> [SUPPLIED INFORMATION]
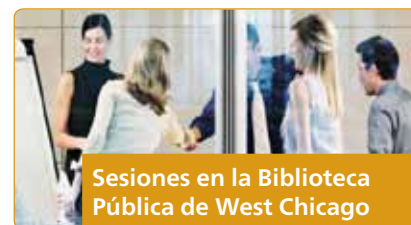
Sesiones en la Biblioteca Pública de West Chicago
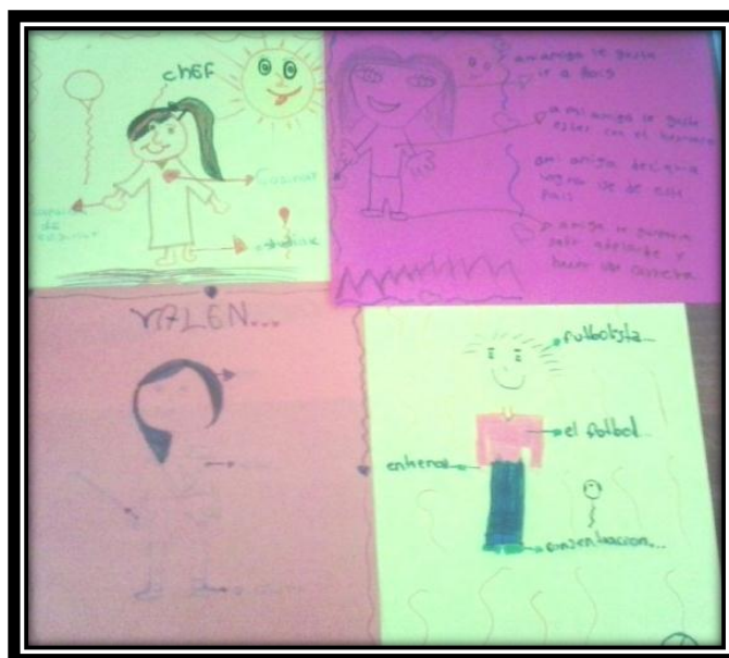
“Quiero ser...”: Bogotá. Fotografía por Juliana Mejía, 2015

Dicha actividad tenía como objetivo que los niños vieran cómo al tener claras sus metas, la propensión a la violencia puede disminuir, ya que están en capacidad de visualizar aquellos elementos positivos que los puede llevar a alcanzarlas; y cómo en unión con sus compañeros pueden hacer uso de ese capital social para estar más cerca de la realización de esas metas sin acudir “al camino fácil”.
...
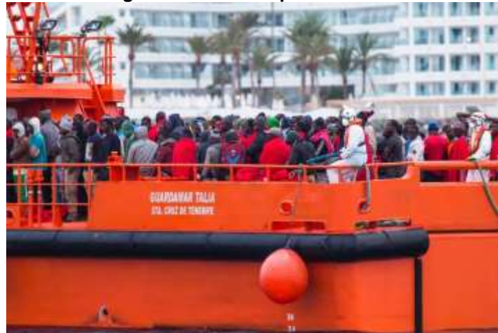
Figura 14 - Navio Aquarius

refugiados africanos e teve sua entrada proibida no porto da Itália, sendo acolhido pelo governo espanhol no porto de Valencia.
--
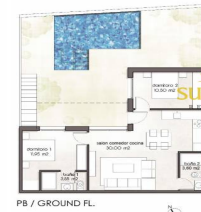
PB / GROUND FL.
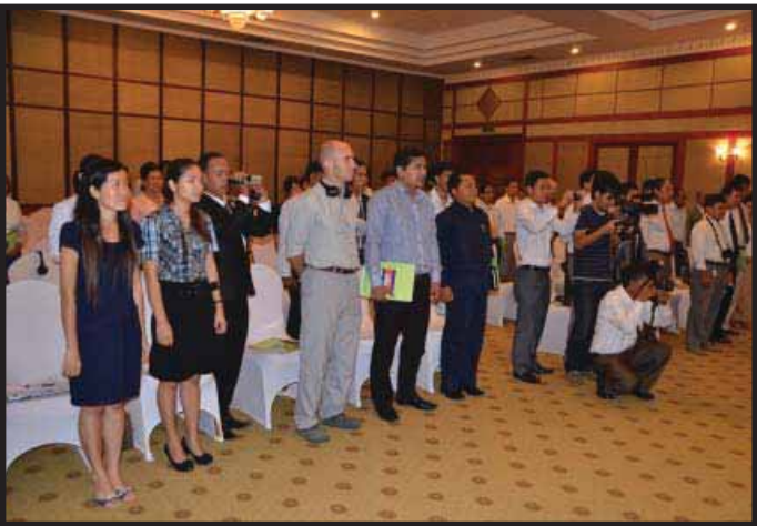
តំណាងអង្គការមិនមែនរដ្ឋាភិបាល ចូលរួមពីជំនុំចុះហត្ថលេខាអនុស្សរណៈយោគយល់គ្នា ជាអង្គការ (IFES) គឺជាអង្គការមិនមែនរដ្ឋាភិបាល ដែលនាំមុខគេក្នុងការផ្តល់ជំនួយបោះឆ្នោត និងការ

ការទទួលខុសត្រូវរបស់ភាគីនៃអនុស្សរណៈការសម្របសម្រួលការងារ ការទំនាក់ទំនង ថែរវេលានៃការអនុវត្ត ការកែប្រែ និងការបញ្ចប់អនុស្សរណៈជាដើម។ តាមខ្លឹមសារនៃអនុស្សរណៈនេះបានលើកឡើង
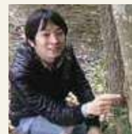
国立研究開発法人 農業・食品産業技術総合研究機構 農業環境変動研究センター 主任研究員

> [YOUR OBJECTIVE] Reproduce the lines above beginning at the line that contains "Sesiones en la" and ending at the line that contains "Dicha actividad tenía". No pictures.

> [SOLUTION TO THE EXERCISE]
Sesiones en la Biblioteca Pública de West Chicago
“Quiero ser...”: Bogotá. Fotografía por Juliana Mejía, 2015

Dicha actividad tenía como objetivo que los niños vieran cómo al tener claras sus metas, la propensión a la violencia puede disminuir, ya que están en capacidad de visualizar aquellos elementos positivos que los puede llevar a alcanzarlas; y cómo en unión con sus compañeros pueden hacer uso de ese capital social para estar más cerca de la realización de esas metas sin acudir “al camino fácil”.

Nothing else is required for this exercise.